Content starts
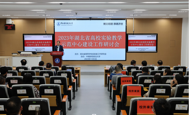 新闻网讯(通讯员 黄志朗 摄影 杜鹏 张吕尉)11月3日,由湖北省高等学校实验室工作研究会主办、米兰电竞·(中国区)承办的2023年湖北省高校实验教学示范中心建设工作研讨会在我校召开,来自省内十余所高校的实验室工作相关领导、专家、骨干以及有关公司负责人共计100余人参会。校党委常委、副校长刘仁山出席会议并致辞。会议由教务部部长钱学锋、华中科技大学实验室与设备管理处处长李震彪主持。
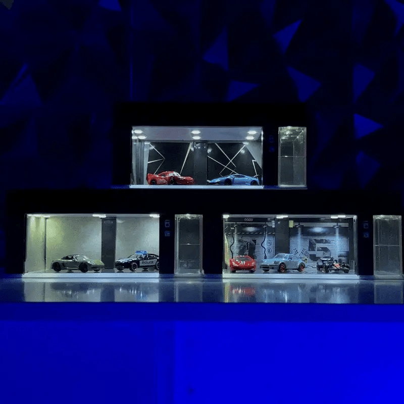 A mini garage and showpiece in one, turning your diecast car setup into an immersive, interactive experience!
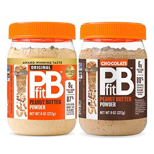 - All Natural Peanut Butter - PBfit Original Powdered Peanut Butter has 87% less fat and only 1/3 of the calories compared to regular peanut butter (when prepared as directed). PBfit Chocolate Powder Peanut Butter has 88% less fat and 1/2 the calories of other chocolate spreads
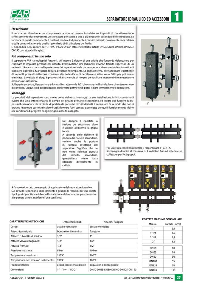 fianco è riportato un esempio di applicazione del separatore idraulico.
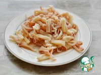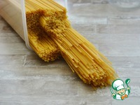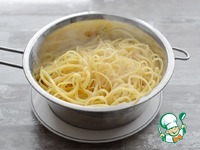 А тем временем у вас уже должны свариться макароны. Отваривайте их по времени не более 3-5 минут, откиньте на дуршлаг. Небольшое количество отвара от макарон сохраните. |
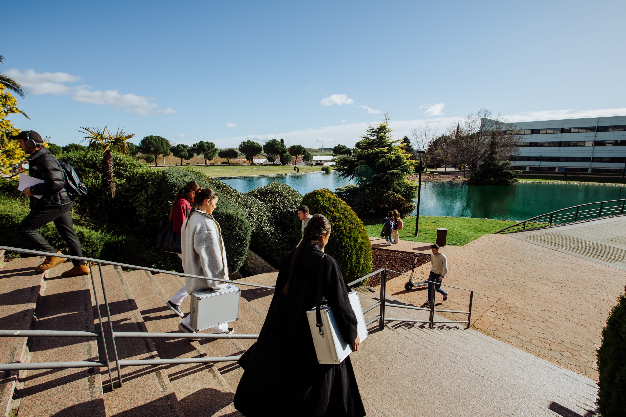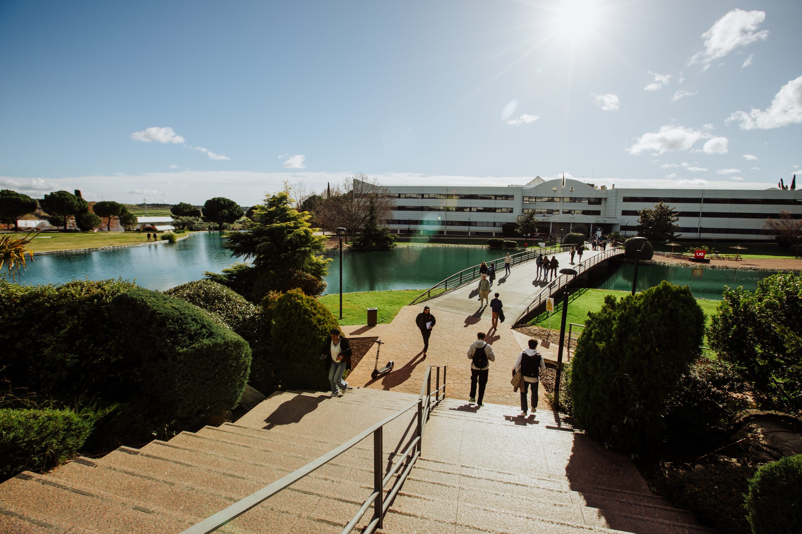Hay aparcamientos habilitados para estudiantes dentro del campus. Si vienes desde el centro de Madrid, el trayecto en coche suele durar entre 25 y 40 minutos, dependiendo del tráfico.
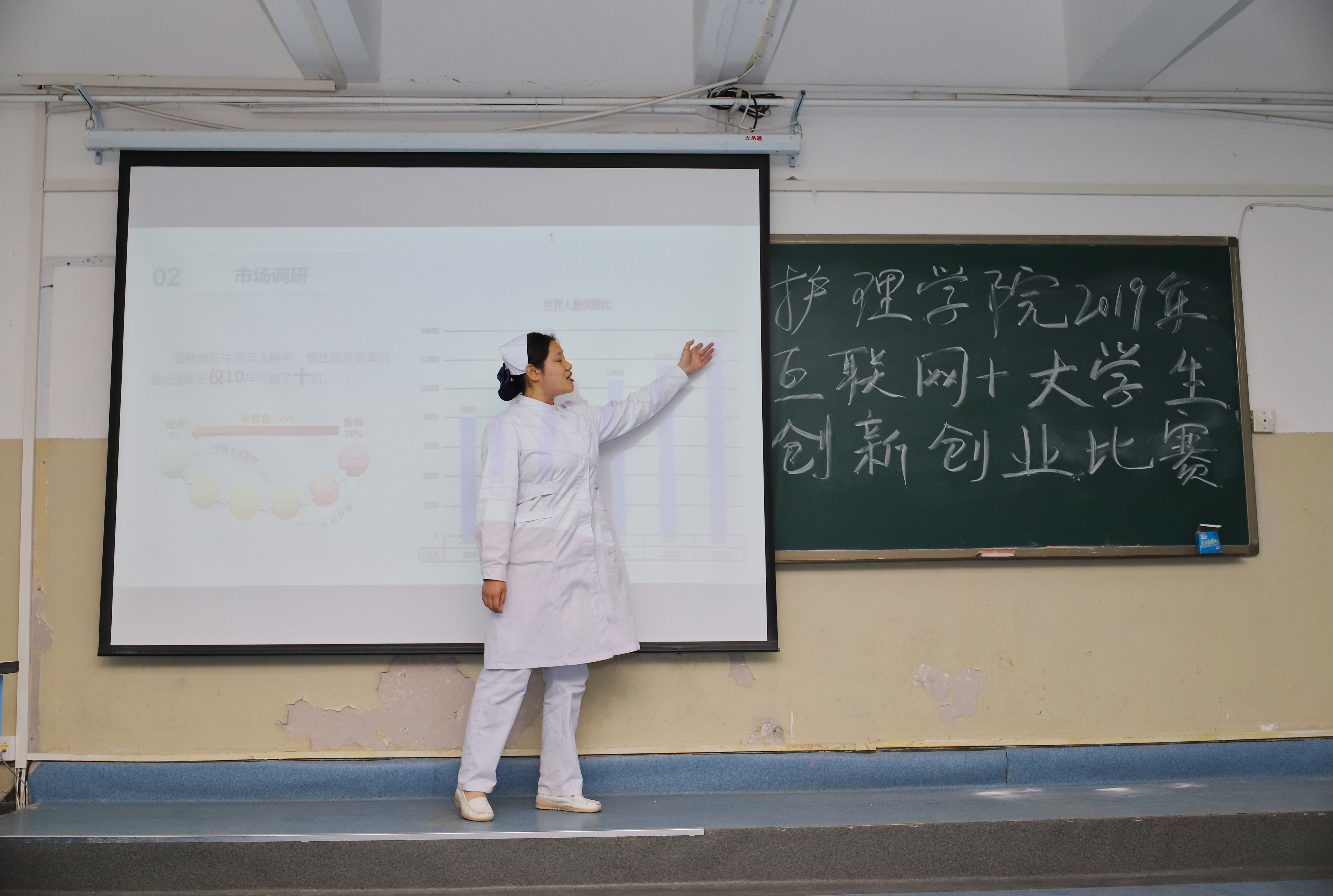 护理学院高度重视“互联网+”大学生创新创业大赛。自备赛启动以来,在学院领导的关心指导下,各班级广泛动员、精心组织,为竞赛取得优异成绩做足了铺垫。各班级递交班级策划书,评委老师层层选拔出八支队伍进入决赛。这次大赛是每支队伍由演讲的形式进行的比赛,比赛场面异常激烈,参赛队伍的创业主题都是以人的身体健康和医疗专业为主,通过PPT展示讲解和现场问答的形式为评委老师全方面的阐释了各项目的功能特点和发展前途,巧妙的构思、完整的方案、光明的前途以及选手们的自信和实力都给评委留下了深刻的印象。在此次比赛中,以“双向拉链医用裤”和“共享厨房”荣获一等奖,“芮曼按摩椅”、“全自动心肺复苏仪”、“艺生”荣获二等奖,“老来乐养老院”、“长城综合疗养院”、“恒越设计”荣获三等奖。
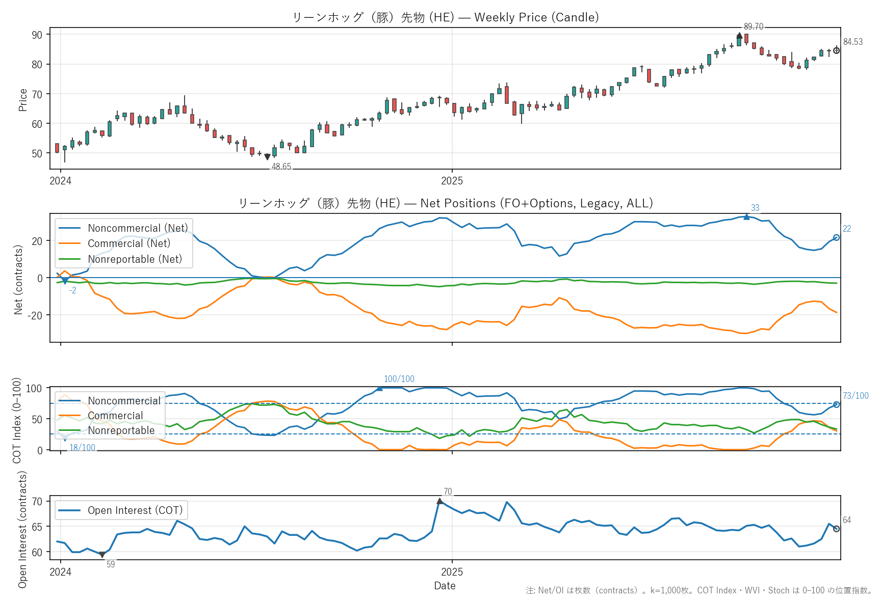 先週比(2025-12-26):非商業COT指数:+2pt(19 → 22) / 商業COT指数:-2pt(-17 → -19) / NR COT指数:-0pt(-3 → -3) / Open Interest:-1.53%(66 → 64)
Content ends
#### What you should do
Copy every record above exactly as written, but leave out the pictures.

#### Exercise response
 新闻网讯(通讯员 黄志朗 摄影 杜鹏 张吕尉)11月3日,由湖北省高等学校实验室工作研究会主办、米兰电竞·(中国区)承办的2023年湖北省高校实验教学示范中心建设工作研讨会在我校召开,来自省内十余所高校的实验室工作相关领导、专家、骨干以及有关公司负责人共计100余人参会。校党委常委、副校长刘仁山出席会议并致辞。会议由教务部部长钱学锋、华中科技大学实验室与设备管理处处长李震彪主持。
 A mini garage and showpiece in one, turning your diecast car setup into an immersive, interactive experience!
 - All Natural Peanut Butter - PBfit Original Powdered Peanut Butter has 87% less fat and only 1/3 of the calories compared to regular peanut butter (when prepared as directed). PBfit Chocolate Powder Peanut Butter has 88% less fat and 1/2 the calories of other chocolate spreads
 fianco è riportato un esempio di applicazione del separatore idraulico.
 А тем временем у вас уже должны свариться макароны. Отваривайте их по времени не более 3-5 минут, откиньте на дуршлаг. Небольшое количество отвара от макарон сохраните. |
Hay aparcamientos habilitados para estudiantes dentro del campus. Si vienes desde el centro de Madrid, el trayecto en coche suele durar entre 25 y 40 minutos, dependiendo del tráfico.
 护理学院高度重视“互联网+”大学生创新创业大赛。自备赛启动以来,在学院领导的关心指导下,各班级广泛动员、精心组织,为竞赛取得优异成绩做足了铺垫。各班级递交班级策划书,评委老师层层选拔出八支队伍进入决赛。这次大赛是每支队伍由演讲的形式进行的比赛,比赛场面异常激烈,参赛队伍的创业主题都是以人的身体健康和医疗专业为主,通过PPT展示讲解和现场问答的形式为评委老师全方面的阐释了各项目的功能特点和发展前途,巧妙的构思、完整的方案、光明的前途以及选手们的自信和实力都给评委留下了深刻的印象。在此次比赛中,以“双向拉链医用裤”和“共享厨房”荣获一等奖,“芮曼按摩椅”、“全自动心肺复苏仪”、“艺生”荣获二等奖,“老来乐养老院”、“长城综合疗养院”、“恒越设计”荣获三等奖。
 先週比(2025-12-26):非商業COT指数:+2pt(19 → 22) / 商業COT指数:-2pt(-17 → -19) / NR COT指数:-0pt(-3 → -3) / Open Interest:-1.53%(66 → 64)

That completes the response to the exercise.